This is a highly misleading headline. What is missing are the attendant conditions to enter. That is, what American family is going to cross to see Niagara Falls and have a snack, a Beer, go to the Casino for a day... at an additional cost of $400 per person for 2 tests?

And vice versa for Canucks going to fill their face with Chicken Wings?

NOOOOOOOOOOOOBODY!

There is no significant change here- whatsoever! A completely false announcement.


----------



## Beaver101 (Nov 14, 2011)

^


> This is a highly misleading headline. ...

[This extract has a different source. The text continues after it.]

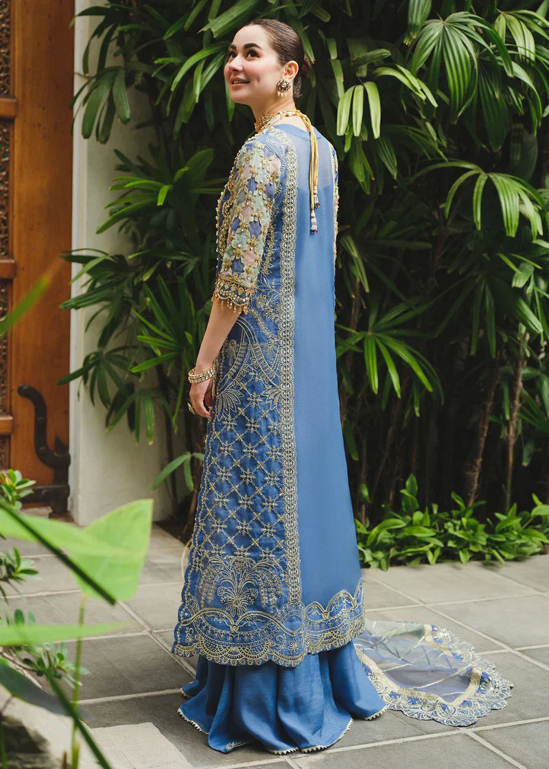 Additional Description: This design features an entirely handworked front encrusted in gota patti, fine pearls and crystals against classic tilla embroidery. The sleeves are beautifully handworked on chatta patti in shades of pink and mint, giving this ensemble the perfect accent. The dupatta is in two shades, blue and mint complimenting the sleeves and adding the a subtle contrast to the shirt, with delicate sequins lines giving it the perfect amount of shimmer, the dupatta is finished with the prettiest lace border in gold tilla embroidery. Slip- Cotton silk

 ... not quite, it would depend who is reading it. For some, it's status quo. And there would be some Canucks (likely a minority) who can't wait to will their face with Chicken Wings! And this urge for those wings was like months ago, not just now with this headline.

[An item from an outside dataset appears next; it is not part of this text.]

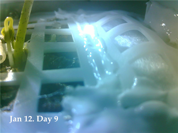 It didn’t last long. Bitter cold and a long night ended the plant’s growth. Day and night cycles on the moon are around two weeks long each. The plant sprouted and grew for almost two weeks. In the “nighttime” the temperatures are down to -170 degrees C. On the positive side, 120 degrees C, in the “daytime.” That’s too bad. It’s a shame they didn’t try to continue the growth with a heat source and lamp.
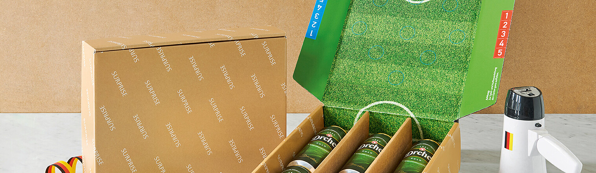 Unsere Surprise-Geschenkverpackung lässt das Herz von Fußballfans höher schlagen: Ein spannendes Geschicklichkeitsspiel im Mini-Fußballstadion sorgt sofort für Spannung & Spielspaß. Das Motiv Surprise Fußball ist als 3er Präsentkarton, 360 mm, erhältlich.

Plus Americans don't mind spending $400 (drop in the bucket) to do all the above + spread (or share) their love (aka virus) for us Canucks.


----------



## diharv (Apr 19, 2011)

It is strange that the Americans are not reciprocating with opening the land border since it was them doing the bitching and complaining about Canada dragging its feet with respect to coming up with a border reopening plan.


----------



## Eder (Feb 16, 2011)

Patience grasshopper...the political theatre dictates that Canada moves first then in a great act of condesention the USA will reluctantly open her thighs/err borders.


----------



## AltaRed (Jun 8, 2009)

diharv said:


> It is strange that the Americans are not reciprocating with opening the land border since it was them doing the bitching and complaining about Canada dragging its feet with respect to coming up with a border reopening plan.


The speculation is the diplomatic awkwardness of potentially having different rules for the southern border than with the northern border. They may not want to be 'discriminating' towards Mexico which, as I understand it, has really botched its vaccine roll out. I don't mind. Let fully vaccinated and negative PCR test Americans come north and spend their money. It's no big deal if the USA keeps the land border shut to Canadians for awhile longer. Who wants to go south of the 49th this time of year anyway?

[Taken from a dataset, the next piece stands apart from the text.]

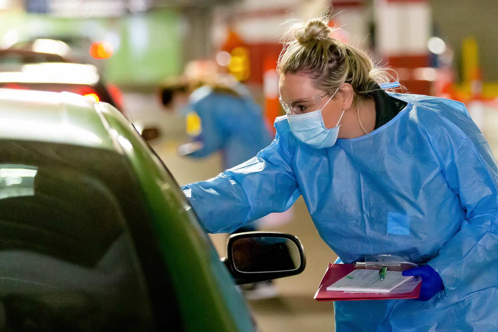 MELBOURNE, AUSTRALIA - APRIL 30: A nurse wearing full PPE takes swabs in the Pacific Epping Shopping Centre where one of the new mobile testing sites is located during COVID 19 on 30 April, 2020 in Melbourne, Australia. (Photo by Speed Media/Icon Sportswire)

There is some risk of Americans being carriers as they come north but the percentage would be incredibly small (double vaccinations plus negative PCR test). The risk is minimal for fully vaccinated Canadians anyway. Both USA and UK results are showing a very small percentage of double vaccinated covid cases showing up in hospital and that is really what the vaccination program is about to begin with. Like having a mild cold or flu.

Besides Canadians were far too early in dropping the mask mandate by a least a month. We need a higher percentage of double vaccinated folks to keep transmissiibility low. We continue to wear our masks when in indoor settings and will continue to do so for at least another month or so. The vast majority have ditched their masks. Shame on them.


----------



## Ukrainiandude (Aug 25, 2020)

If the border was closed for real how variants from India got into Canada? It was not closed, it was restricted.


----------



## james4beach (Nov 15, 2012)

Ukrainiandude said:


> If the border was closed for real how variants from India got into Canada? It was not closed, it was restricted.


It wasn't closed, really. All kinds of people who either have family connections, or are students, were always able to enter Canada.


----------



## gibor365 (Apr 1, 2011)

AltaRed said:


> The speculation is the diplomatic awkwardness of potentially having different rules for the southern border than with the northern border. They may not want to be 'discriminating' towards Mexico which, as I understand it, has really botched its vaccine roll out. I don't mind. Let fully vaccinated and negative PCR test Americans come north and spend their money. It's no big deal if the USA keeps the land border shut to
> 
> Besides Canadians were far too early in dropping the mask mandate by a least a month. We need a higher percentage of double vaccinated folks to keep transmissiibility low. We continue to wear our masks when in indoor settings and will continue to do so for at least another month or so. The vast majority have ditched their masks. Shame on them.


Not in Ontario. The masks is still mandatory here


----------



## AltaRed (Jun 8, 2009)

Should have been that way in BC and AB as well. Maybe 10-20% masks in supermarkets and big retailers. More staff wearing them than customers. 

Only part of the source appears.